■ Provided material:
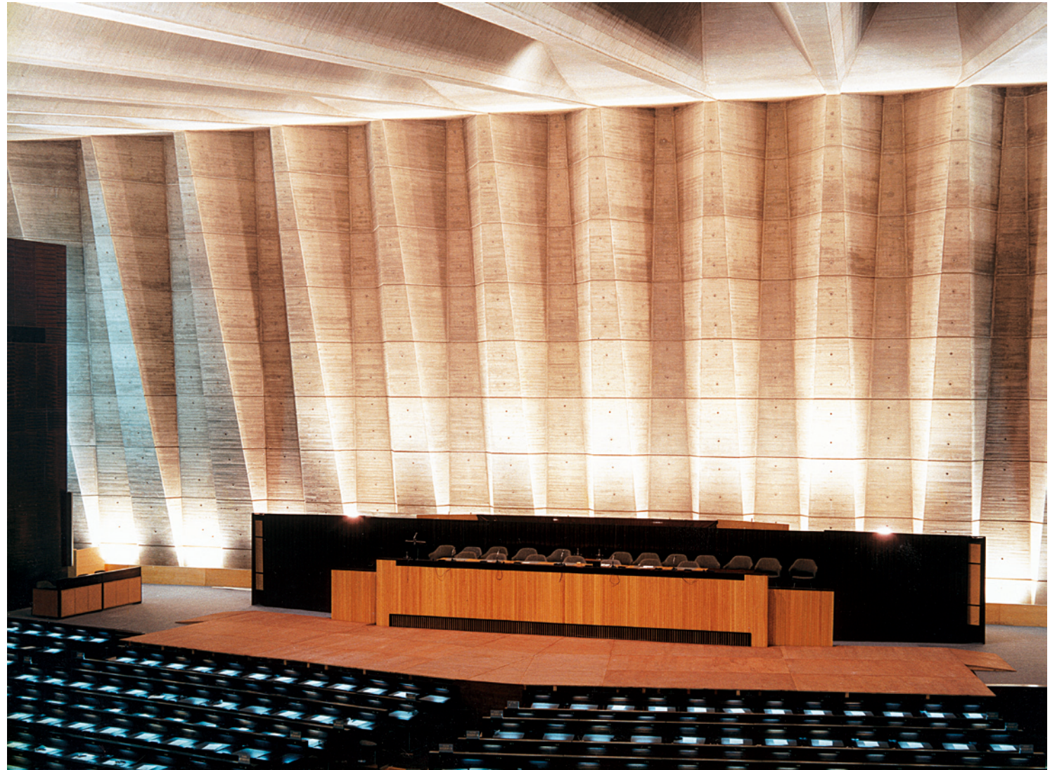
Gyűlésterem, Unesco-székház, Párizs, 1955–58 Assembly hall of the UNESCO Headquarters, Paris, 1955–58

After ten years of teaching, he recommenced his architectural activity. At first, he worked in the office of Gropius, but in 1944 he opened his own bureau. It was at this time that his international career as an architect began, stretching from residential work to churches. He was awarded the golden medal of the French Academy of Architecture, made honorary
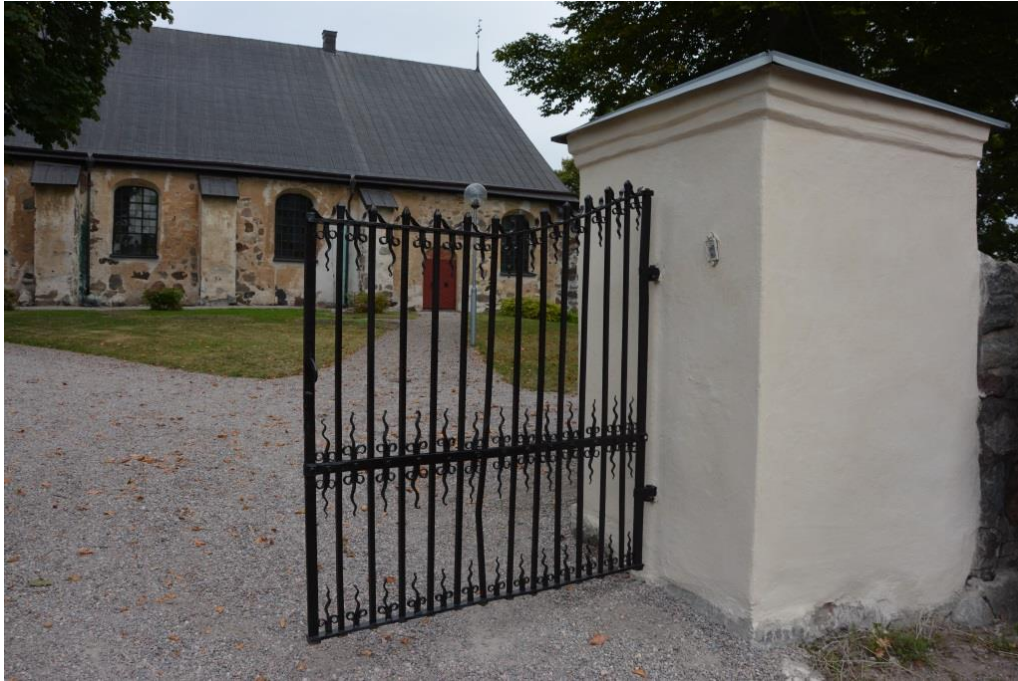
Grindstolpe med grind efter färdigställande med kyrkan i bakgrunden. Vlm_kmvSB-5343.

■ What is being asked: The expected output is the material above, repeated exactly and free of pictures.

■ Output of the task:
Gyűlésterem, Unesco-székház, Párizs, 1955–58 Assembly hall of the UNESCO Headquarters, Paris, 1955–58

After ten years of teaching, he recommenced his architectural activity. At first, he worked in the office of Gropius, but in 1944 he opened his own bureau. It was at this time that his international career as an architect began, stretching from residential work to churches. He was awarded the golden medal of the French Academy of Architecture, made honorary
Grindstolpe med grind efter färdigställande med kyrkan i bakgrunden. Vlm_kmvSB-5343.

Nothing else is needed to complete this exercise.